(Data records)

......

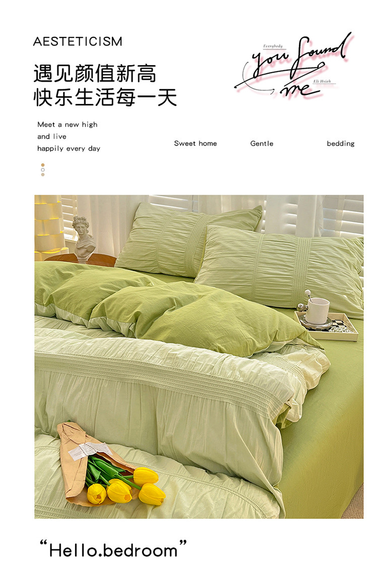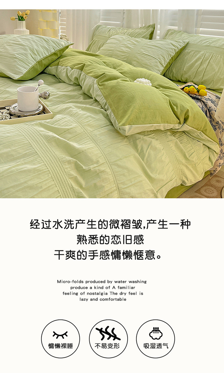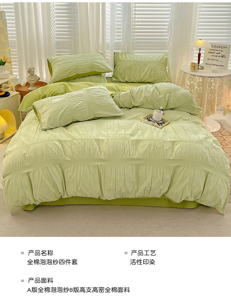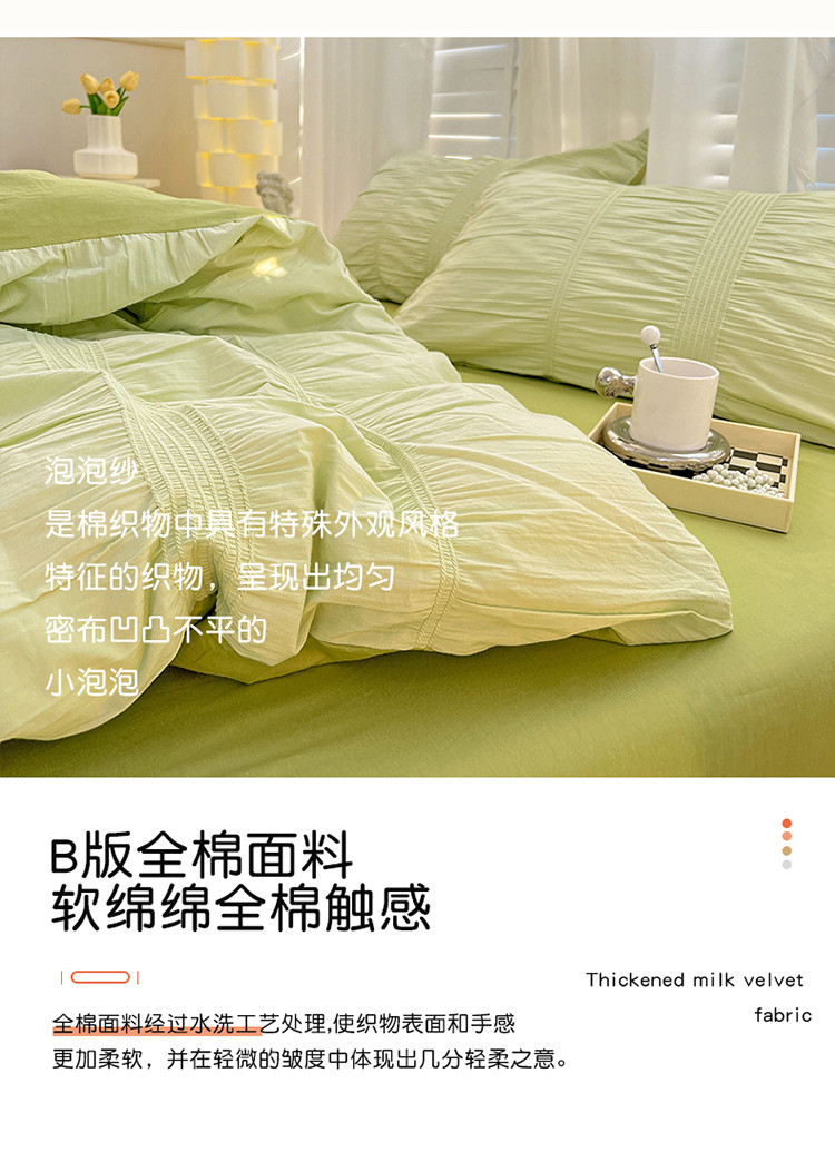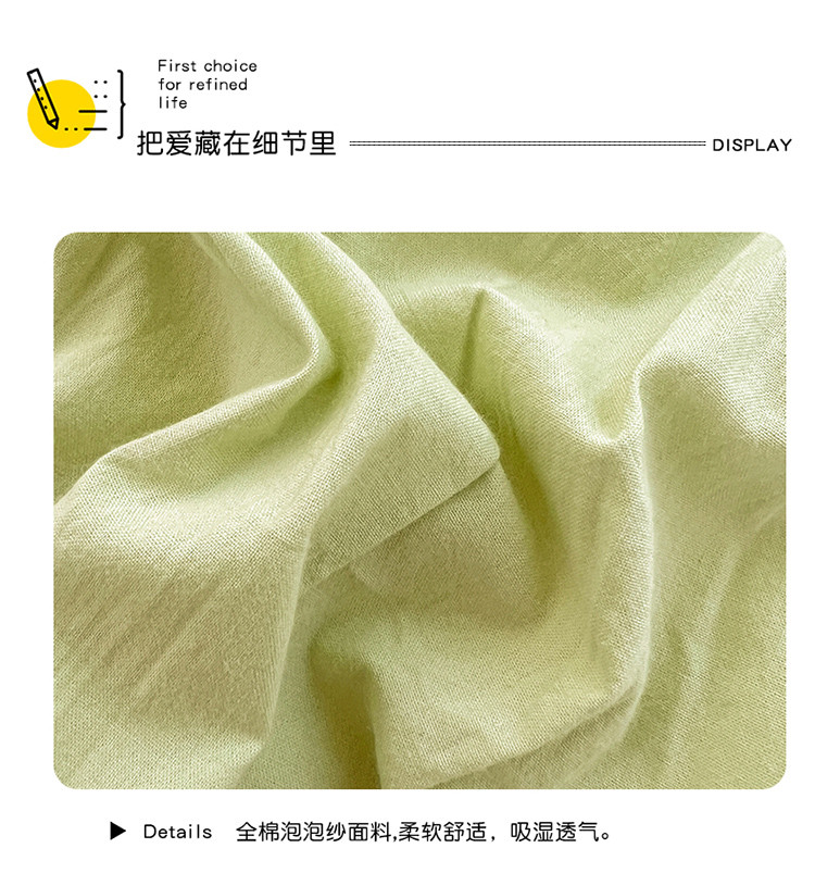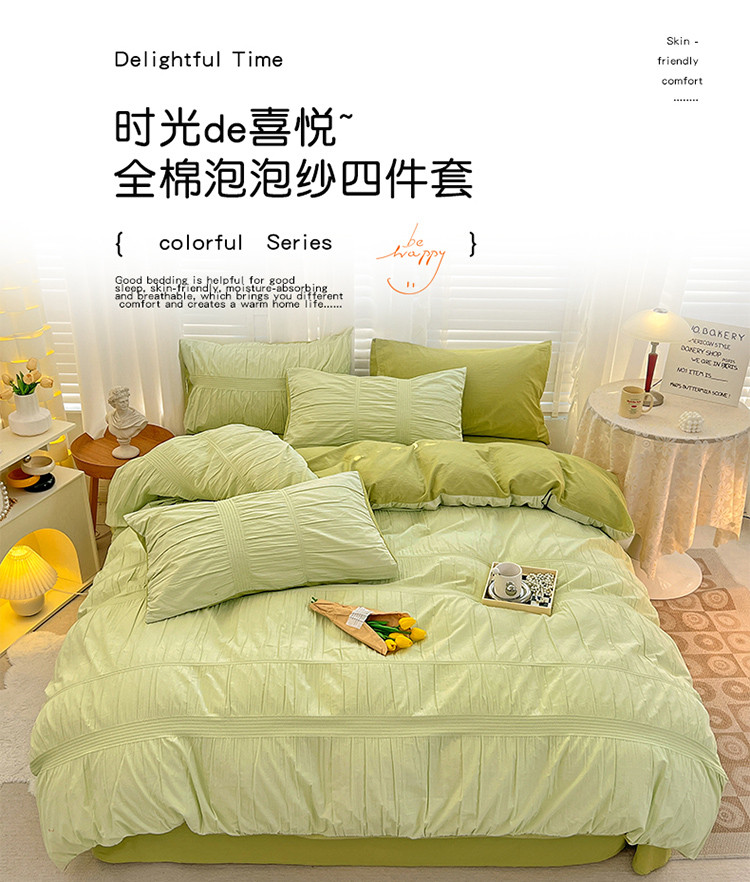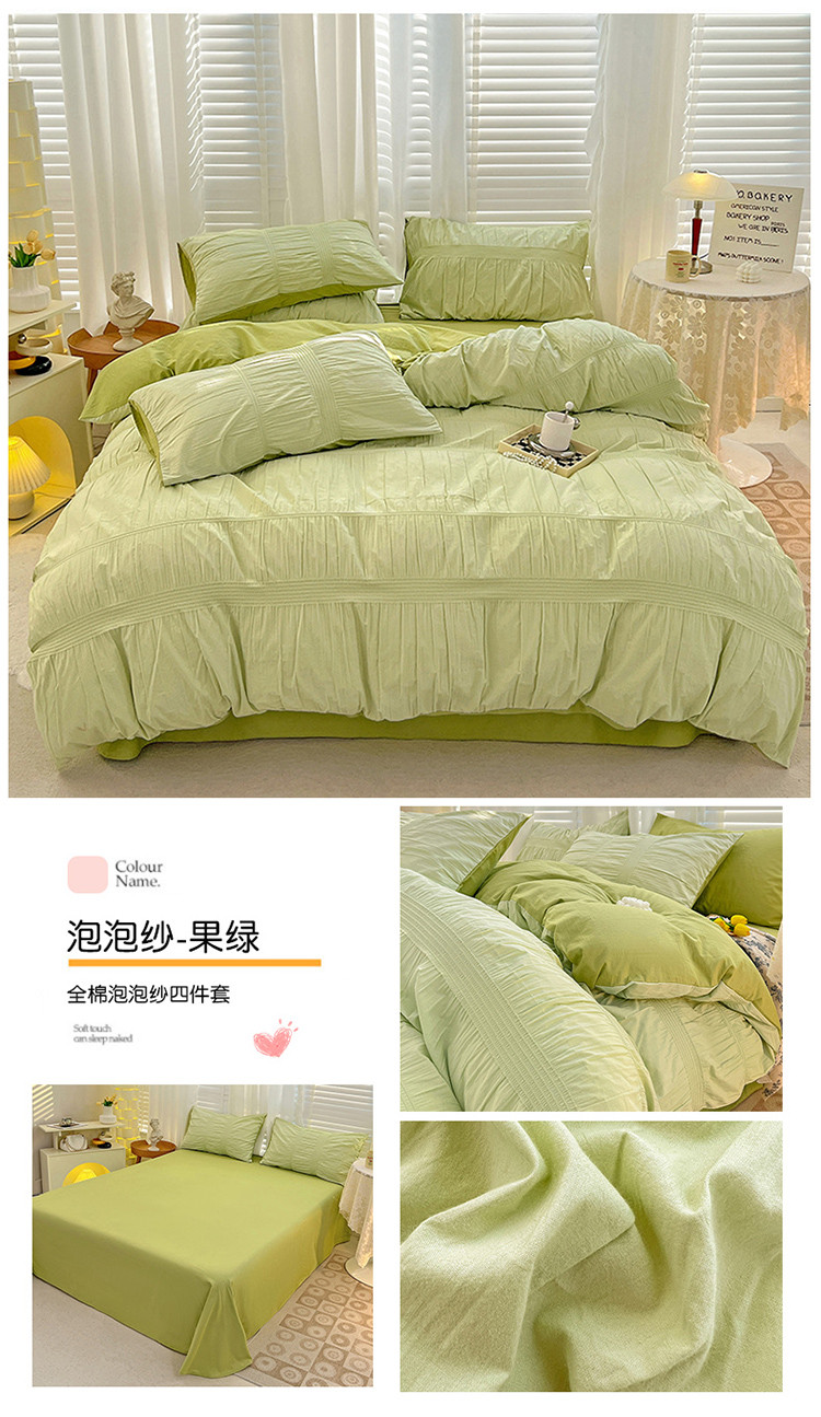 当前位置: 91家纺网 > 商品网购 > 床品套件 > 四件套 > 全棉普通四件套 > 娜娜 2022新款全棉泡泡纱四件套 泡泡纱-果绿
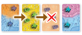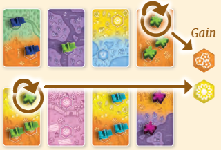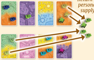 マジョリティの勝者がいる場合、勝ったプレイヤーはただちに、その行(そしてその行のみ)の地形カードからすべてのワーカービープルを回収し、プレイヤーボードの隣の個人サプライに追加します。マジョリティの勝者がアクティブプレイヤーでない場合、勝者はただちにワイルドリソースを1つ獲得でき、プレイヤーボードのリソーストラック上のワイルドリソースマーカーを1つ上に移動します!
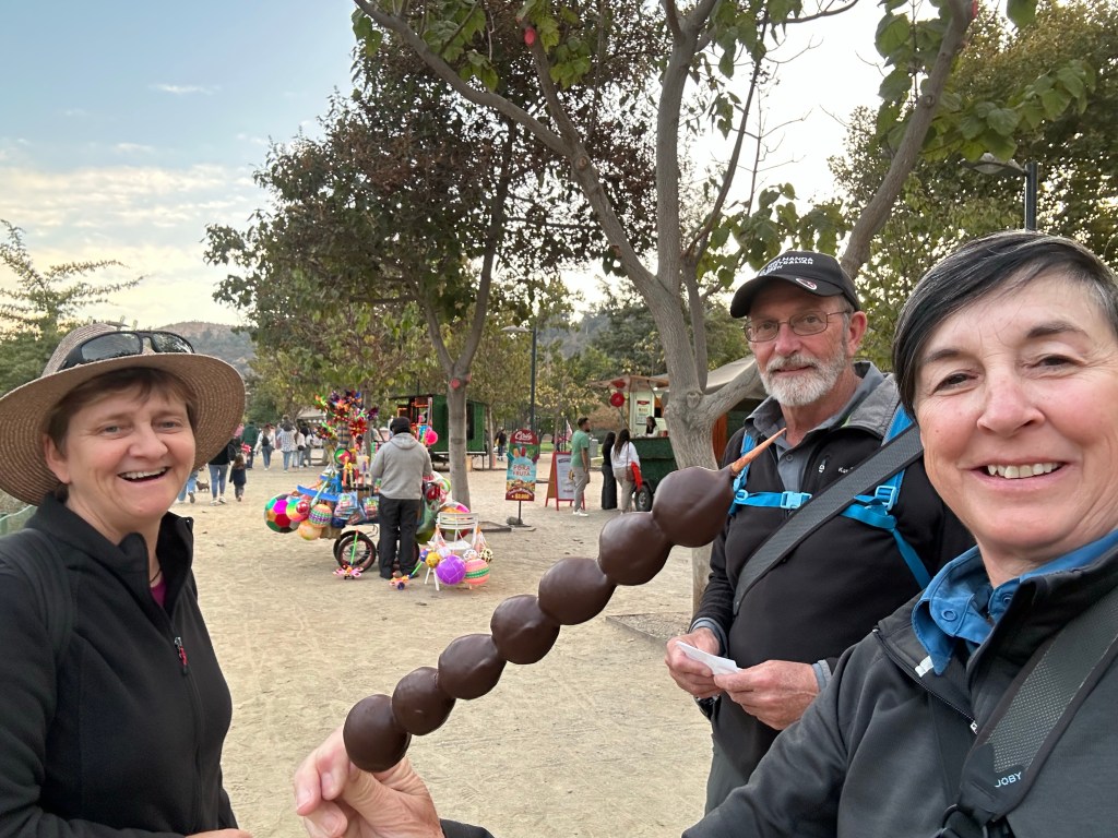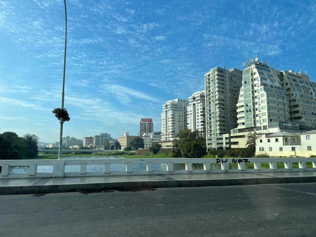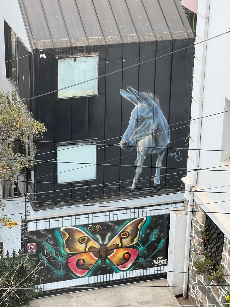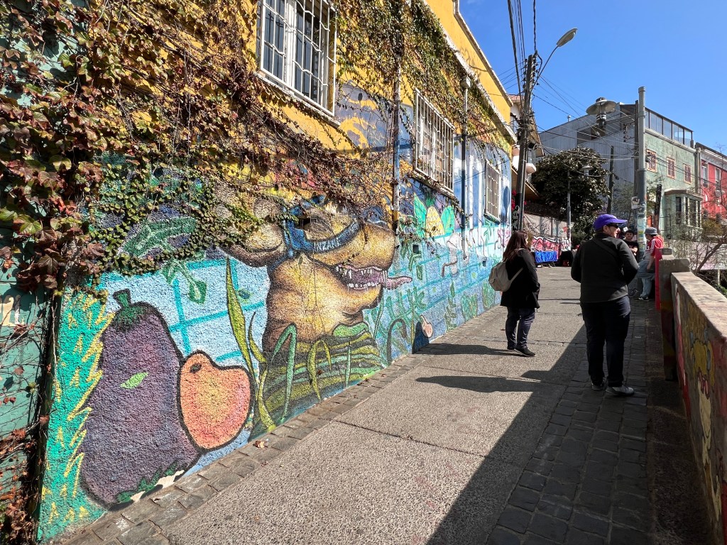 Out of Santiago, past an abandoned copper mine (Chile’s number one mineral, with number two being Lithium) through the mountains via a long tunnel into the Curaciví Valley – rich agricultural area – avocados, lemons/citrus, strawberries. With avocado farmers taking most of the limited water available to produce a key Chilean export.
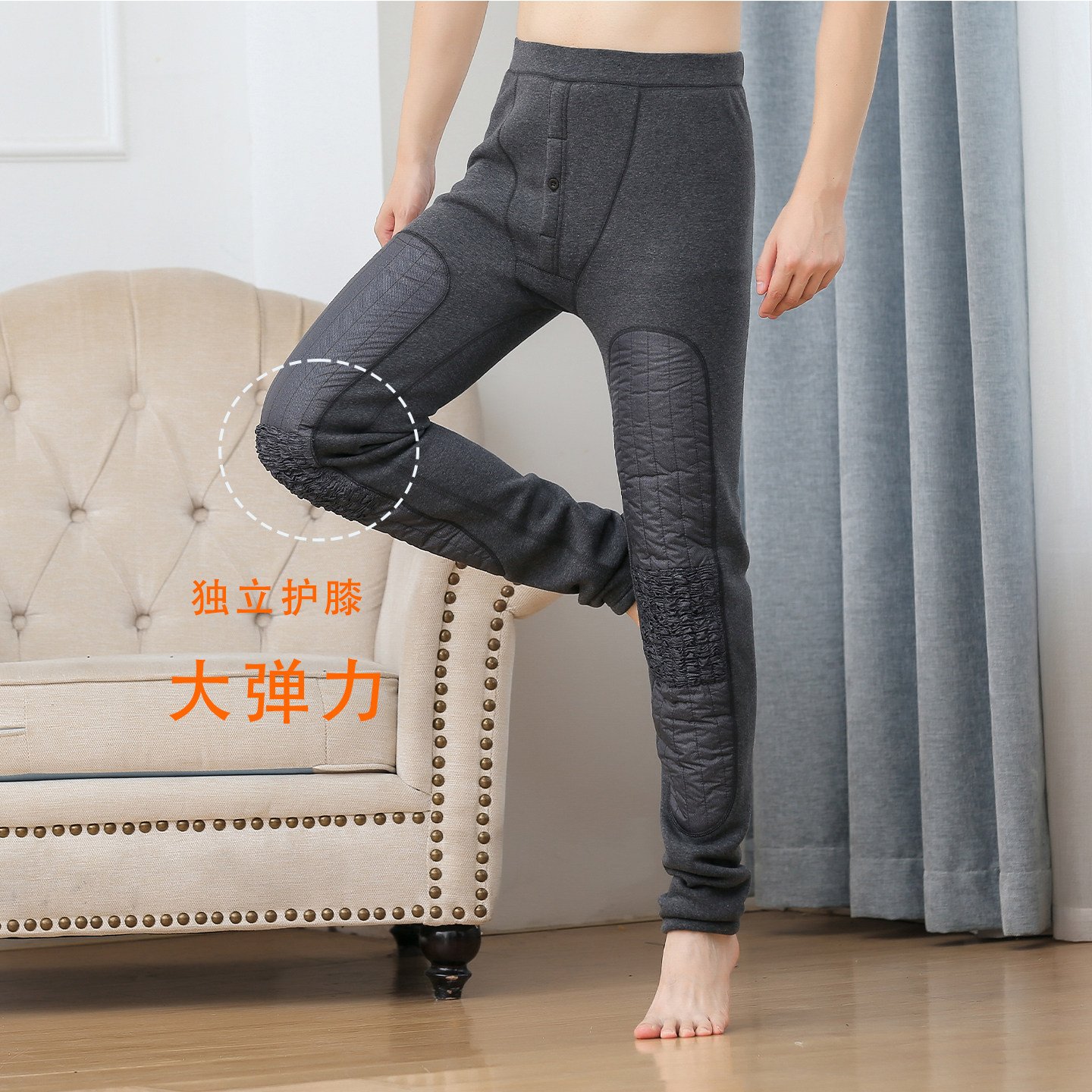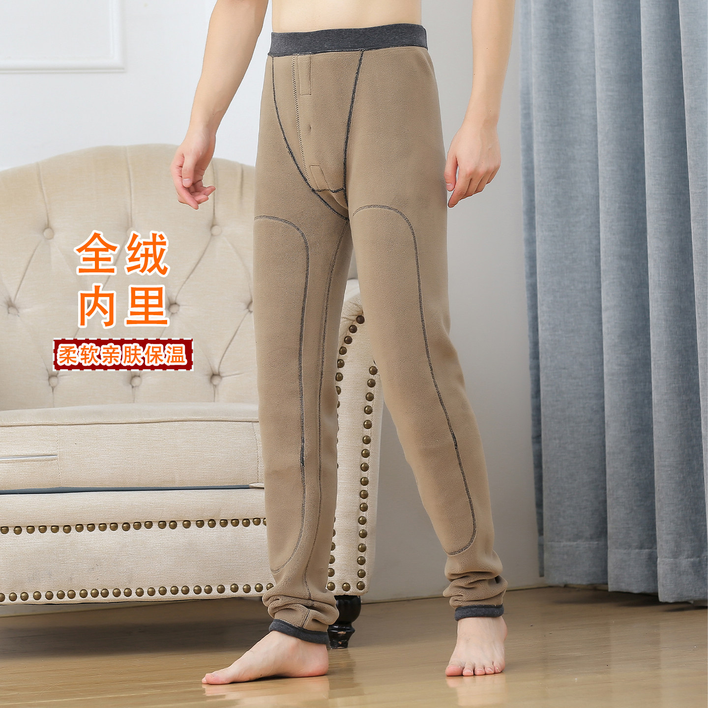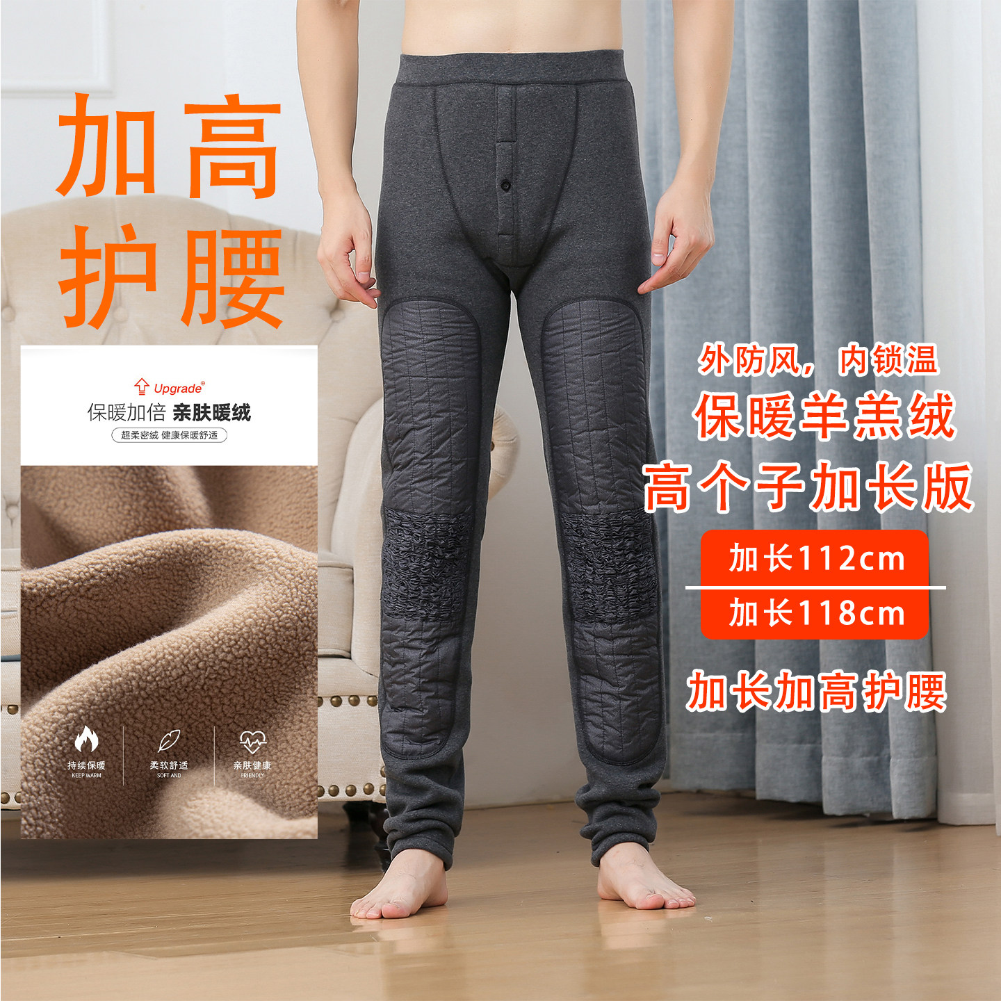 加大护膝2178 锁温高腰加长棉裤 高个子加长保暖裤 男羊羔绒保暖裤
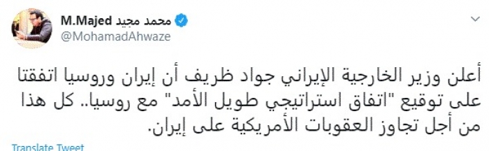 وقال في تغريدة عبر "تويتر" رصدها "المشهد العربي": "أعلن وزير الخارجية الإيراني جواد ظريف أن إيران وروسيا اتفقتا على توقيع اتفاق استراتيجي طويل الأمد مع روسيا.. كل هذا من أجل تجاوز العقوبات الأمريكية على إيران".
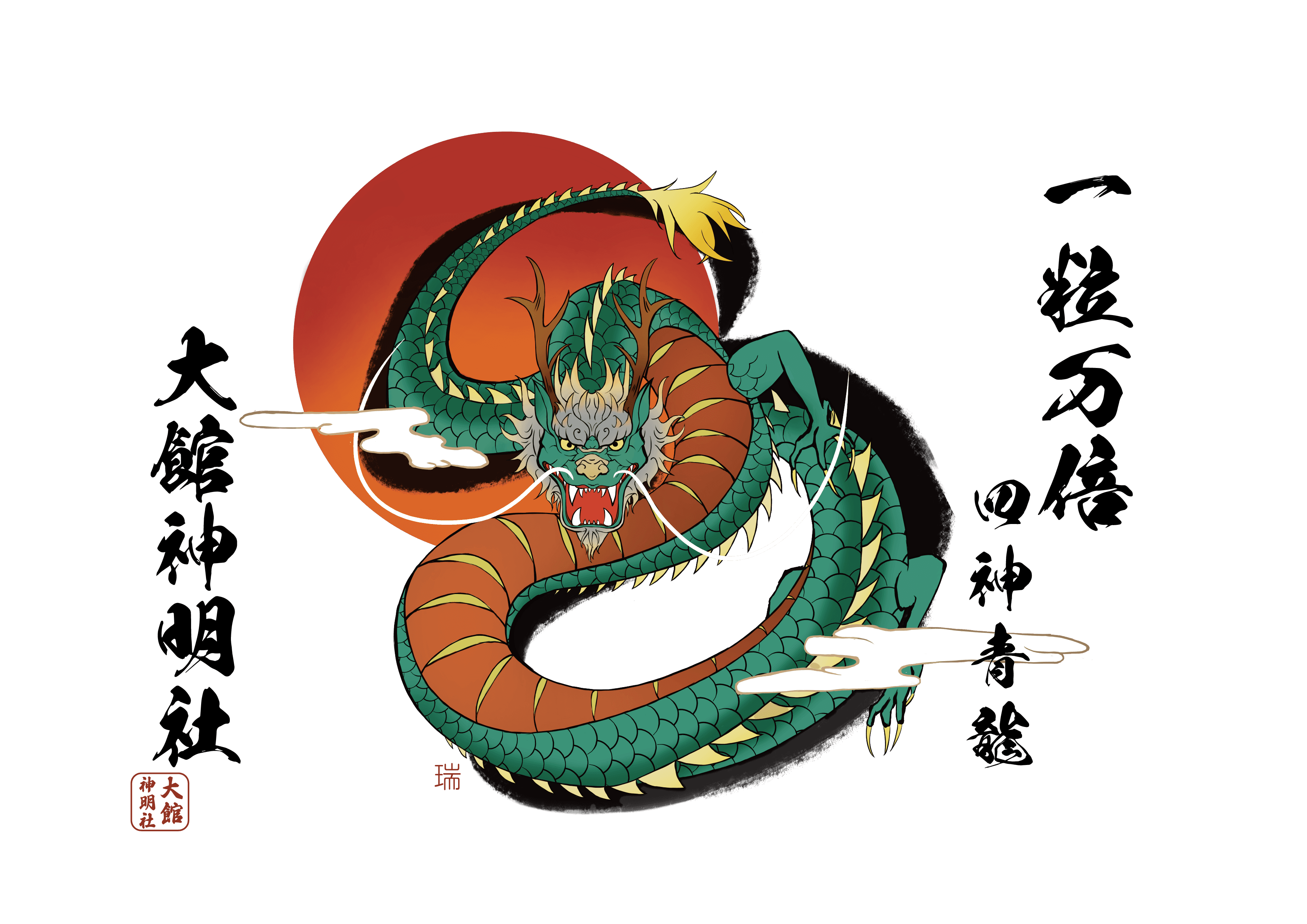 大館神明社様の干支絵馬デザイン 2024年と2025年の干支絵馬を制作。2024年は辰年の絵馬に参拝者を見守る思いを込め、2025年は災害から人々を守り、竹のように力強く成長する未来を願い、蛇をデザインしました。

......

Retype all of the entries exactly as written, leaving out any images.

 当前位置: 91家纺网 > 商品网购 > 床品套件 > 四件套 > 全棉普通四件套 > 娜娜 2022新款全棉泡泡纱四件套 泡泡纱-果绿
 マジョリティの勝者がいる場合、勝ったプレイヤーはただちに、その行(そしてその行のみ)の地形カードからすべてのワーカービープルを回収し、プレイヤーボードの隣の個人サプライに追加します。マジョリティの勝者がアクティブプレイヤーでない場合、勝者はただちにワイルドリソースを1つ獲得でき、プレイヤーボードのリソーストラック上のワイルドリソースマーカーを1つ上に移動します!
 Out of Santiago, past an abandoned copper mine (Chile’s number one mineral, with number two being Lithium) through the mountains via a long tunnel into the Curaciví Valley – rich agricultural area – avocados, lemons/citrus, strawberries. With avocado farmers taking most of the limited water available to produce a key Chilean export.
 加大护膝2178 锁温高腰加长棉裤 高个子加长保暖裤 男羊羔绒保暖裤
 وقال في تغريدة عبر "تويتر" رصدها "المشهد العربي": "أعلن وزير الخارجية الإيراني جواد ظريف أن إيران وروسيا اتفقتا على توقيع اتفاق استراتيجي طويل الأمد مع روسيا.. كل هذا من أجل تجاوز العقوبات الأمريكية على إيران".
 大館神明社様の干支絵馬デザイン 2024年と2025年の干支絵馬を制作。2024年は辰年の絵馬に参拝者を見守る思いを込め、2025年は災害から人々を守り、竹のように力強く成長する未来を願い、蛇をデザインしました。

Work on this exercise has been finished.